Apart from several commercial applications of proteases there use in detergent industry for de-staining is the most important potential of them. In this investigation the partially purified alkaline protease enzymes were used to remove blood stain from muslin cloth. The distilled water hardly removed any stain. A detergent solution resulted in little removal while a combination of detergent solution with purified alkaline protease enzyme completely removed the blood stain from muslin cloth. This indicates that the protease enzyme obtained from the isolated strain Aspergillus flavus can be of great use and significance in detergent and textile industries.

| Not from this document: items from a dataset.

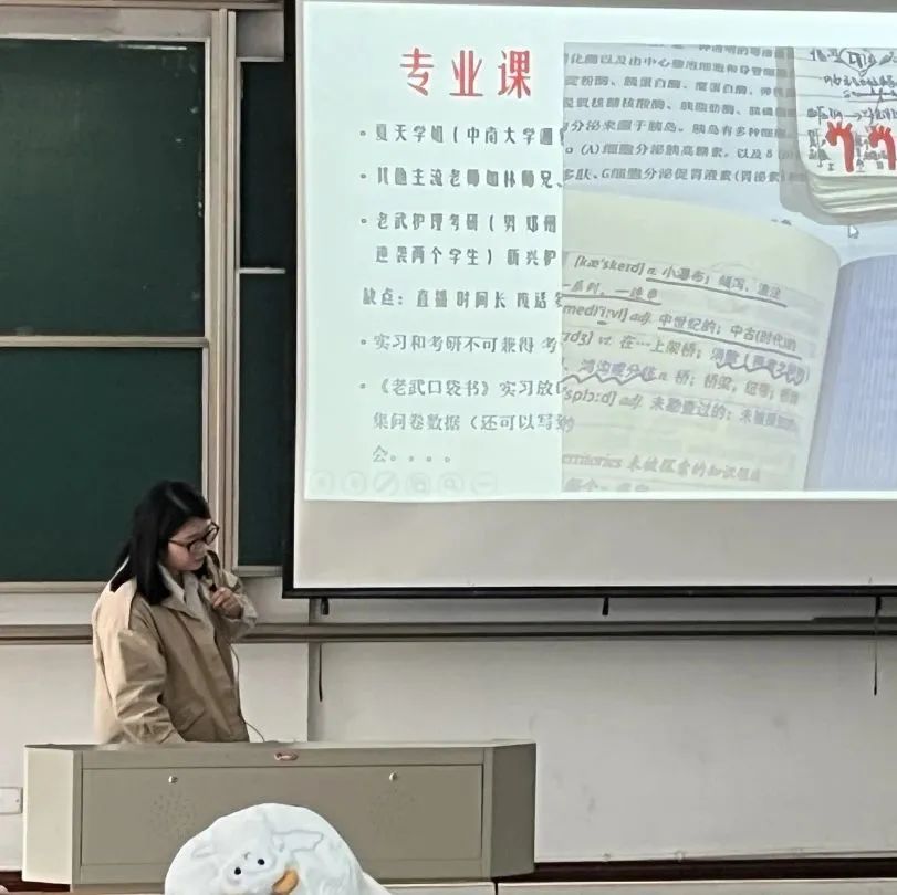 随后,护本192班郭蕴瑜、护理N192班尹雨爽两位学姐进行考研经验分享。郭蕴瑜学姐目前已被浙江大学护理专业拟录取,尹雨爽学姐以第一名的成绩被绍兴文理公司护理专业拟录取。她们热情地分享了自己的学习方法,给予了学弟学妹们贴心的指导。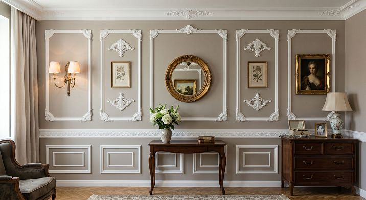 Moldings matching the wall color, a medium-scale frame, a mirror or painting in the center. Without complex ornaments, without opulence — only pure geometry of the frame. Furniture is light or in natural wood, accessories on the surface — in two or three restrained tones.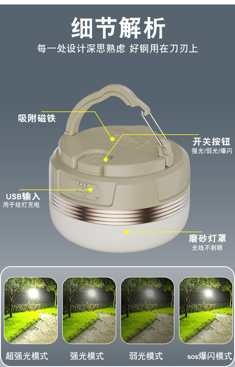 캠핑 랜턴, 매우 긴 배터리 수명, 아마존 해외 전자상거래, 매우 밝은 미니 텐트 야외 캠핑 램프, 충전식 조명스토어 가기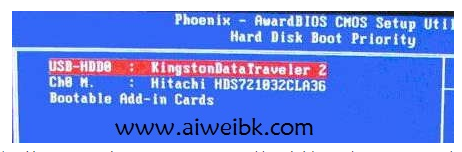 (2)按回车键进入,再选择Hard Disk Boot Priority。如图: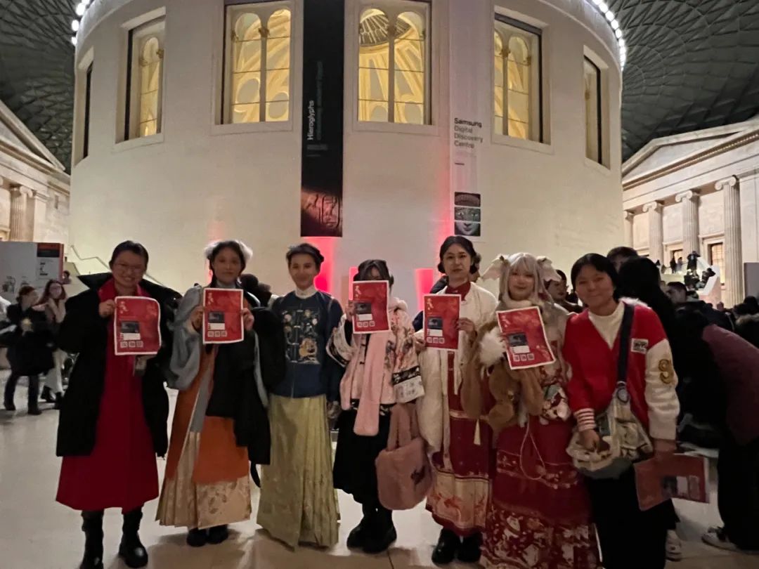 平素喜愛漢服的她隨即把穿漢服去博物館傳播中國春節文化的想法發到了社交媒體上,得到不少人支持。20日當天,這些中國留學生帶着糖果和介紹中國春節文化的海報,聚在了大英博物館。其中,有人專門從諾丁漢乘坐兩個小時火車趕到倫敦。

Protease enzymes are of great industrial importance. This study indicates that Aspergillus flavus is a potent protease producing fungi. The alkaline protease production with Aspergillu sflavus was found to be highest at temperature (28°C), pH 8, incubation time 168 hrs , metal ions (Mn), nitrogen source (peptone), carbon source (sucrose) with the biggest zone of hydrolysis, highest optical density and largest protein concentration at above mentioned conditions. Washing test resulted in complete removal of blood stain which indicates that along with many other industries, this enzyme can be specially proved very crucial for detergent industry.